What the exercise asks: Could you reproduce every entry as it stands, leaving the pictures behind?

Listed entries:
[Start of Attachment]

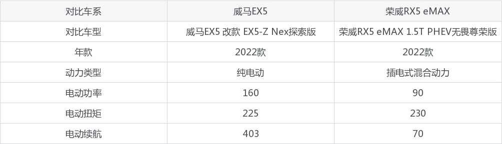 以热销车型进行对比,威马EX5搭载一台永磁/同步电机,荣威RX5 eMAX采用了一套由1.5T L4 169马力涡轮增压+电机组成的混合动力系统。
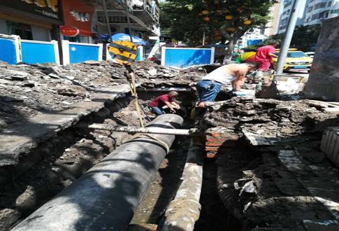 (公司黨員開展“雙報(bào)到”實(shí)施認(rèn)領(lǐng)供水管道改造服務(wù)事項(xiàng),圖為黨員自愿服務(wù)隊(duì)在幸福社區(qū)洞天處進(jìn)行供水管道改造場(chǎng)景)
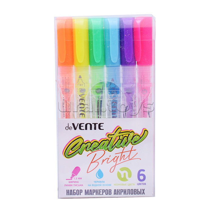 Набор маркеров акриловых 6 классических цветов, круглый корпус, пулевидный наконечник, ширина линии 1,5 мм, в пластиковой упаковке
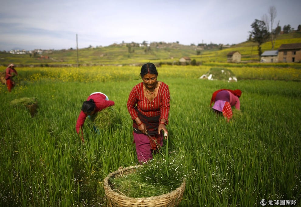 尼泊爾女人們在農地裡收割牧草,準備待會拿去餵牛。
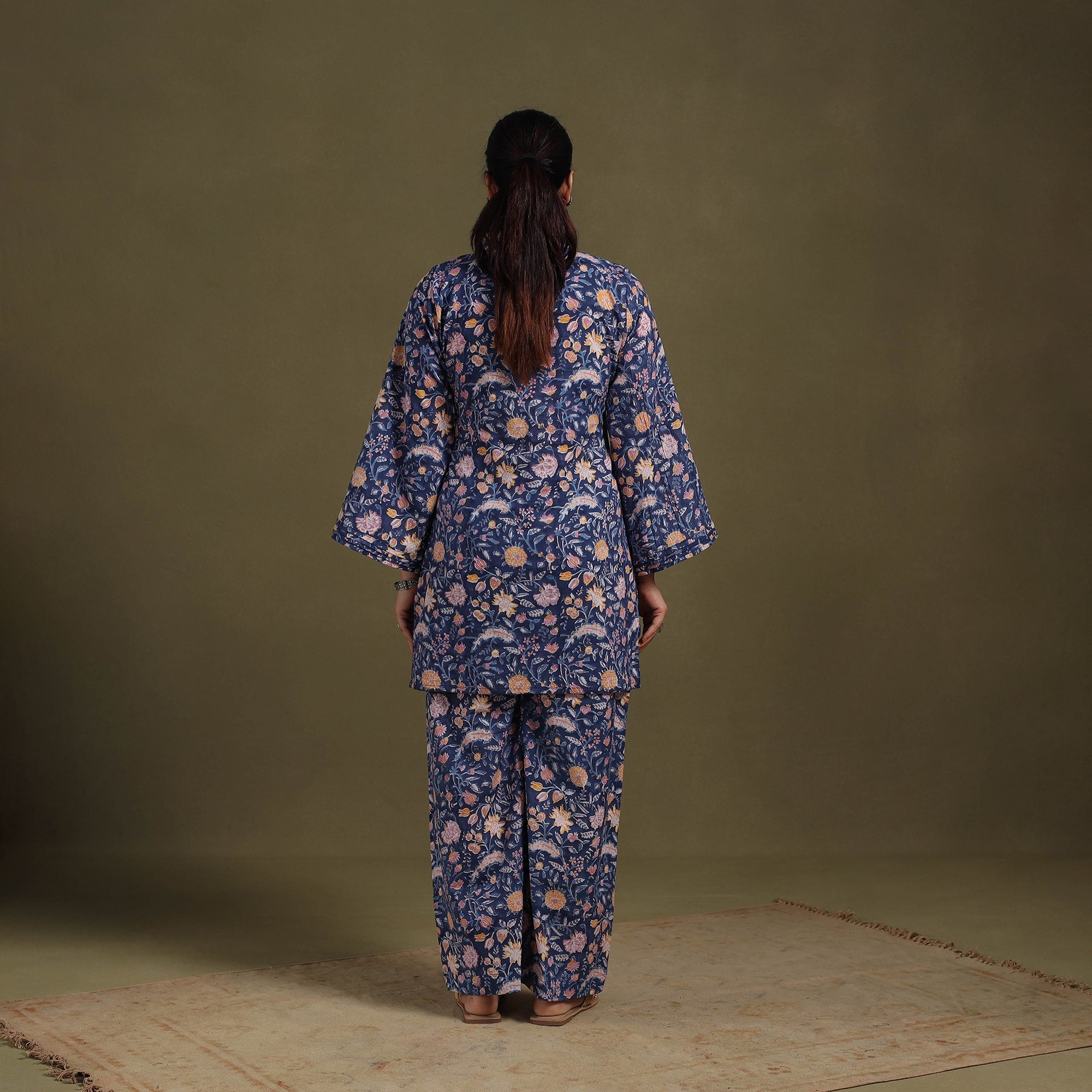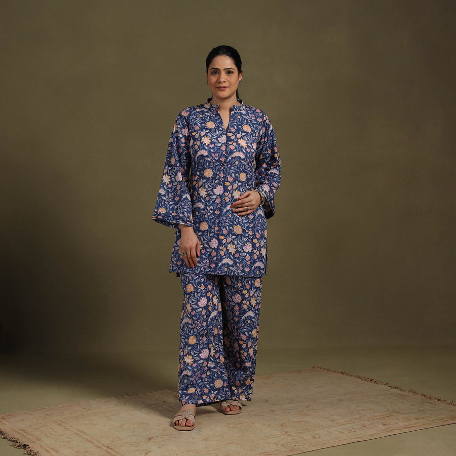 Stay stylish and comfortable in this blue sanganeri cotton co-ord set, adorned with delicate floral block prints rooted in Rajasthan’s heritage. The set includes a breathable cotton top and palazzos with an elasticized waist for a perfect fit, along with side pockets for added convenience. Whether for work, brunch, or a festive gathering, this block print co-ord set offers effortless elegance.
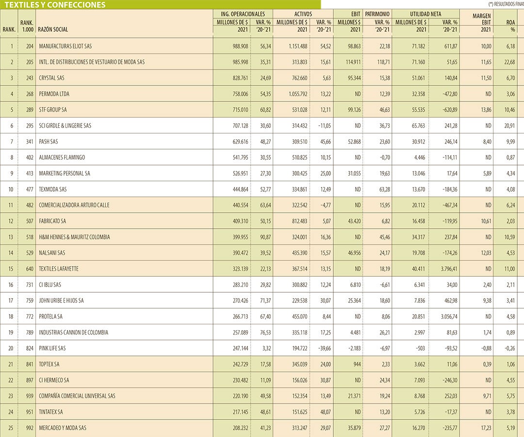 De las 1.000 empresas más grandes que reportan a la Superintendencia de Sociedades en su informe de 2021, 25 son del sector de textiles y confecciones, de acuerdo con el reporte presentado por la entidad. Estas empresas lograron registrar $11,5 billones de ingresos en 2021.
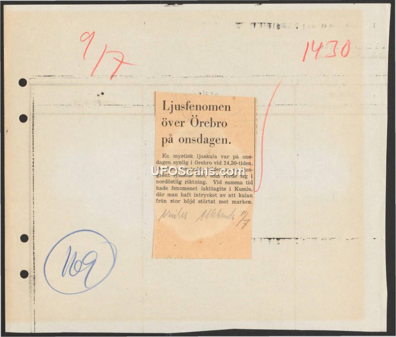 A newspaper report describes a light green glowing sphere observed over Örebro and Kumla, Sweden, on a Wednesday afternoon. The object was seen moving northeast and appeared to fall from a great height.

[End of Attachment]

Exercise result:
 以热销车型进行对比,威马EX5搭载一台永磁/同步电机,荣威RX5 eMAX采用了一套由1.5T L4 169马力涡轮增压+电机组成的混合动力系统。
 (公司黨員開展“雙報(bào)到”實(shí)施認(rèn)領(lǐng)供水管道改造服務(wù)事項(xiàng),圖為黨員自愿服務(wù)隊(duì)在幸福社區(qū)洞天處進(jìn)行供水管道改造場(chǎng)景)
 Набор маркеров акриловых 6 классических цветов, круглый корпус, пулевидный наконечник, ширина линии 1,5 мм, в пластиковой упаковке
 尼泊爾女人們在農地裡收割牧草,準備待會拿去餵牛。
 Stay stylish and comfortable in this blue sanganeri cotton co-ord set, adorned with delicate floral block prints rooted in Rajasthan’s heritage. The set includes a breathable cotton top and palazzos with an elasticized waist for a perfect fit, along with side pockets for added convenience. Whether for work, brunch, or a festive gathering, this block print co-ord set offers effortless elegance.
 De las 1.000 empresas más grandes que reportan a la Superintendencia de Sociedades en su informe de 2021, 25 son del sector de textiles y confecciones, de acuerdo con el reporte presentado por la entidad. Estas empresas lograron registrar $11,5 billones de ingresos en 2021.
 A newspaper report describes a light green glowing sphere observed over Örebro and Kumla, Sweden, on a Wednesday afternoon. The object was seen moving northeast and appeared to fall from a great height.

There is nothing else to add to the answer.